From: Mike Snitzer <snitzer@redhat.com>
To: Eric Wheeler <dm-devel@lists.ewheeler.net>, ejt@redhat.com
Cc: dm-devel@redhat.com, linux-block@vger.kernel.org,
linux-bcache@vger.kernel.org, lvm-devel@redhat.com
Subject: Re: kernel BUG at drivers/md/persistent-data/dm-space-map-disk.c:178 with scsi_mod.use_blk_mq=y
Date: Wed, 25 Sep 2019 16:01:39 -0400 [thread overview]
Message-ID: <20190925200138.GA20584@redhat.com> (raw)
In-Reply-To: <alpine.LRH.2.11.1909251814220.15810@mx.ewheeler.net>
On Wed, Sep 25 2019 at 2:40pm -0400,
Eric Wheeler <dm-devel@lists.ewheeler.net> wrote:
> Hello,
>
> We are using the 4.19.75 stable tree with dm-thin and multi-queue scsi.

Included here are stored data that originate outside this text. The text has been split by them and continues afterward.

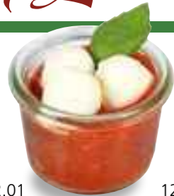
12.01 Tomatenkompott mit Mozzarella und Basilikum* 3,50 €
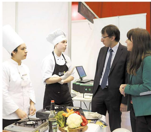
Estudiantes de diversas comunas de la región se congregaron en este encuentro de Educación Técnico Profesional.

En 2019 se cumplen 77 años desde que el Presidente Juan Antonio Ríos reconoció la importancia de la Educación Técnica en el desarrollo productivo del país, a través de la creación de la Dirección General de Enseñanza Profesional, lo que ocurrió el 26 de agosto de 1942.
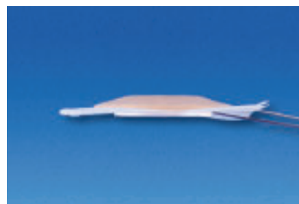
Ryc. 4. Płytki typu Convex systemu Combihesive® 2S

Osoby bardzo szczupłe, a także pacjenci z przepukliną wokół stomii powinni zastosować płytkę elastyczną i miękką – np. płytkę Flexible. Jeżeli stomia jest wklęsła lub znajduje się w fałdzie brzusznej, wskazane jest stosowanie płytek typu Convex (Ryc. 4.).
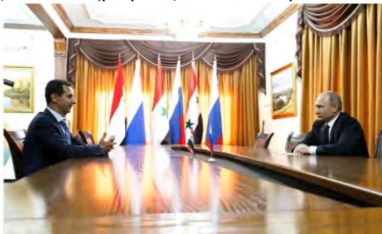
פגישת פוטין ובשאר אלאסד בבסיס חמימים (אתר הקרמלין, 11 בדצמבר 2017).

◀ להלן כמה התבטאויות רוסיות, רשמיות ולא רשמיות, על אופן הוצאת הכוחות הרוסיים מסוריה ועל היקף הכוחות שיוצאו:

> We have been using the 4.19 branch for months without issue; we just
> switched to MQ and we seem to have hit this BUG_ON. Whether or not MQ is
> related to the issue, I don't know, maybe coincidence:
>
> static int sm_disk_new_block(struct dm_space_map *sm, dm_block_t *b)
> {
> int r;
> enum allocation_event ev;
> struct sm_disk *smd = container_of(sm, struct sm_disk, sm);
>
> /* FIXME: we should loop round a couple of times */
> r = sm_ll_find_free_block(&smd->old_ll, smd->begin, smd->old_ll.nr_blocks, b);
> if (r)
> return r;
>
> smd->begin = *b + 1;
> r = sm_ll_inc(&smd->ll, *b, &ev);
> if (!r) {
> BUG_ON(ev != SM_ALLOC); <<<<<<<<<<<<<<<<<<<<<<<<<<<<<
> smd->nr_allocated_this_transaction++;
> }
>
> return r;
> }
>
> This is a brand-new thin pool created about 12 hours ago:
>
> lvcreate -c 64k -L 12t --type thin-pool --thinpool data-pool --poolmetadatasize 16G data /dev/bcache0
>
> We are using bcache, but I don't see any bcache code in the backtraces.

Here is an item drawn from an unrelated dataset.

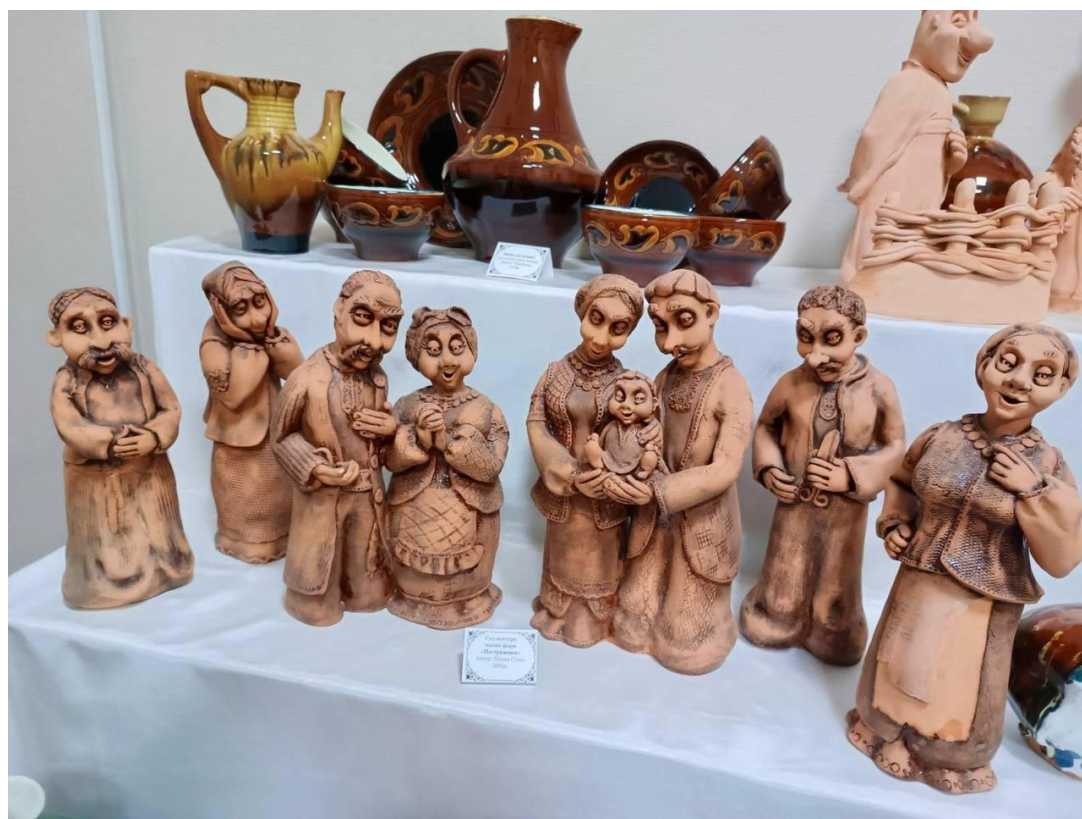
Скульптура малих форм «Пострижини» Автор: Олена Сітко. 2002 р.

> The metadata is also on the bcache volume.
So bcache is be used for both data and metadata.
> We were transferring data to the new thin volumes and it ran for about 12
> hours and then gave the trace below. So far it has only happened once
> and I don't have a way to reproduce it.
>
> Any idea what this BUG_ON would indicate and how we might contrive a fix?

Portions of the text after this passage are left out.